*Problem statement*: Reproduce every record below exactly as written, leaving out any pictures.
• • • •
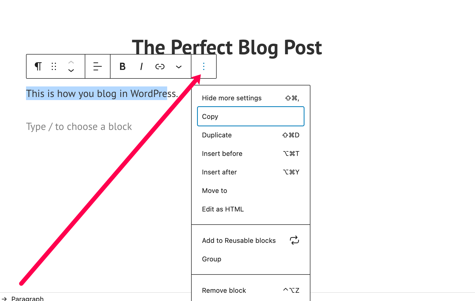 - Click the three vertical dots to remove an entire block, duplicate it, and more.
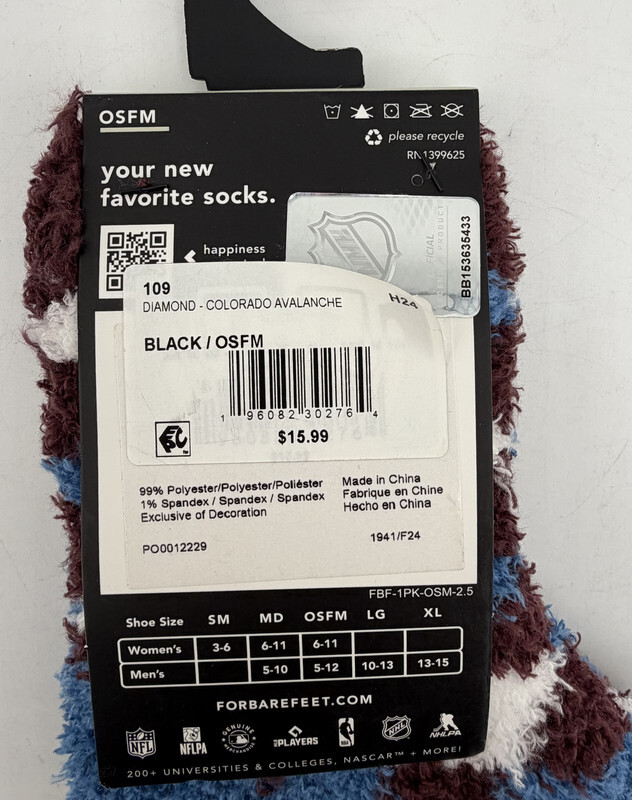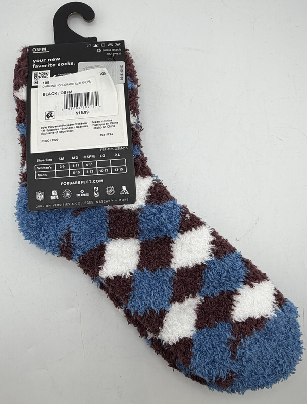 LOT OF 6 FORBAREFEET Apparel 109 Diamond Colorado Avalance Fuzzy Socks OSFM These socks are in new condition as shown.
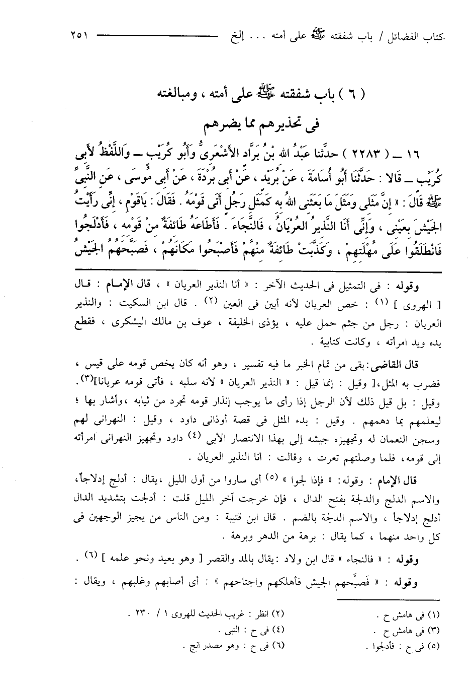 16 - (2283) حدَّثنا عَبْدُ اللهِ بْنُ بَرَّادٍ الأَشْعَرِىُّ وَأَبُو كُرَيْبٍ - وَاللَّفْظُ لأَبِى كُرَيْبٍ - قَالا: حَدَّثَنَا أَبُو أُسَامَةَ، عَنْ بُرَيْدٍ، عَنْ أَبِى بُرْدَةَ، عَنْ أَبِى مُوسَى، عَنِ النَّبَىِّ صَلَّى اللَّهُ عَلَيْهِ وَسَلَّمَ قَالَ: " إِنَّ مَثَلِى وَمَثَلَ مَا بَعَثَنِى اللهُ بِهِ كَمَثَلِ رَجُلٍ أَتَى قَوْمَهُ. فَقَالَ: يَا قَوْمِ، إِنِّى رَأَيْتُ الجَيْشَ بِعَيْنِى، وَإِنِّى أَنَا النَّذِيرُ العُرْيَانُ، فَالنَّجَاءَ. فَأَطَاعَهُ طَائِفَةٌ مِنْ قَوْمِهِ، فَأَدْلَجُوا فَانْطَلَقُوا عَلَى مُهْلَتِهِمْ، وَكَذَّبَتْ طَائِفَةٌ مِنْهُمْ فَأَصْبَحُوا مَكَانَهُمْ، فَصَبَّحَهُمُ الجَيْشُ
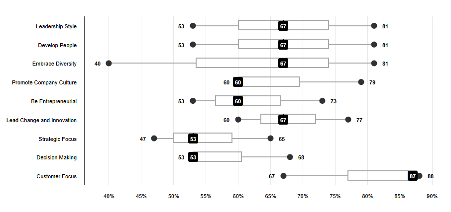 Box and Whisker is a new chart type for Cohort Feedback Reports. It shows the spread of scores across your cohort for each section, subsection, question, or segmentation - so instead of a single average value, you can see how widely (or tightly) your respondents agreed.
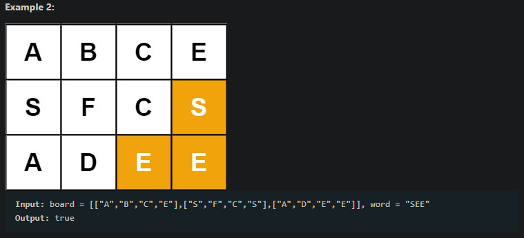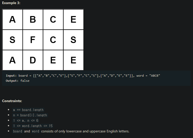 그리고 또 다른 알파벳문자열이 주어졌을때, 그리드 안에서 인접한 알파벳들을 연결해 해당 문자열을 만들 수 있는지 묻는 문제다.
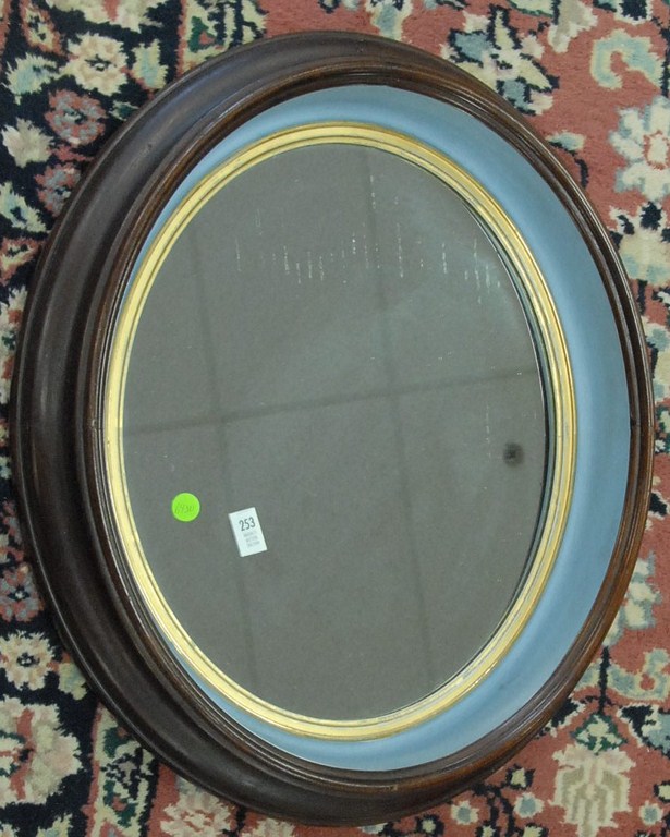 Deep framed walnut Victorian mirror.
• • • •
*Problem solution*:
 - Click the three vertical dots to remove an entire block, duplicate it, and more.
 LOT OF 6 FORBAREFEET Apparel 109 Diamond Colorado Avalance Fuzzy Socks OSFM These socks are in new condition as shown.
 16 - (2283) حدَّثنا عَبْدُ اللهِ بْنُ بَرَّادٍ الأَشْعَرِىُّ وَأَبُو كُرَيْبٍ - وَاللَّفْظُ لأَبِى كُرَيْبٍ - قَالا: حَدَّثَنَا أَبُو أُسَامَةَ، عَنْ بُرَيْدٍ، عَنْ أَبِى بُرْدَةَ، عَنْ أَبِى مُوسَى، عَنِ النَّبَىِّ صَلَّى اللَّهُ عَلَيْهِ وَسَلَّمَ قَالَ: " إِنَّ مَثَلِى وَمَثَلَ مَا بَعَثَنِى اللهُ بِهِ كَمَثَلِ رَجُلٍ أَتَى قَوْمَهُ. فَقَالَ: يَا قَوْمِ، إِنِّى رَأَيْتُ الجَيْشَ بِعَيْنِى، وَإِنِّى أَنَا النَّذِيرُ العُرْيَانُ، فَالنَّجَاءَ. فَأَطَاعَهُ طَائِفَةٌ مِنْ قَوْمِهِ، فَأَدْلَجُوا فَانْطَلَقُوا عَلَى مُهْلَتِهِمْ، وَكَذَّبَتْ طَائِفَةٌ مِنْهُمْ فَأَصْبَحُوا مَكَانَهُمْ، فَصَبَّحَهُمُ الجَيْشُ
 Box and Whisker is a new chart type for Cohort Feedback Reports. It shows the spread of scores across your cohort for each section, subsection, question, or segmentation - so instead of a single average value, you can see how widely (or tightly) your respondents agreed.
 그리고 또 다른 알파벳문자열이 주어졌을때, 그리드 안에서 인접한 알파벳들을 연결해 해당 문자열을 만들 수 있는지 묻는 문제다.
 Deep framed walnut Victorian mirror.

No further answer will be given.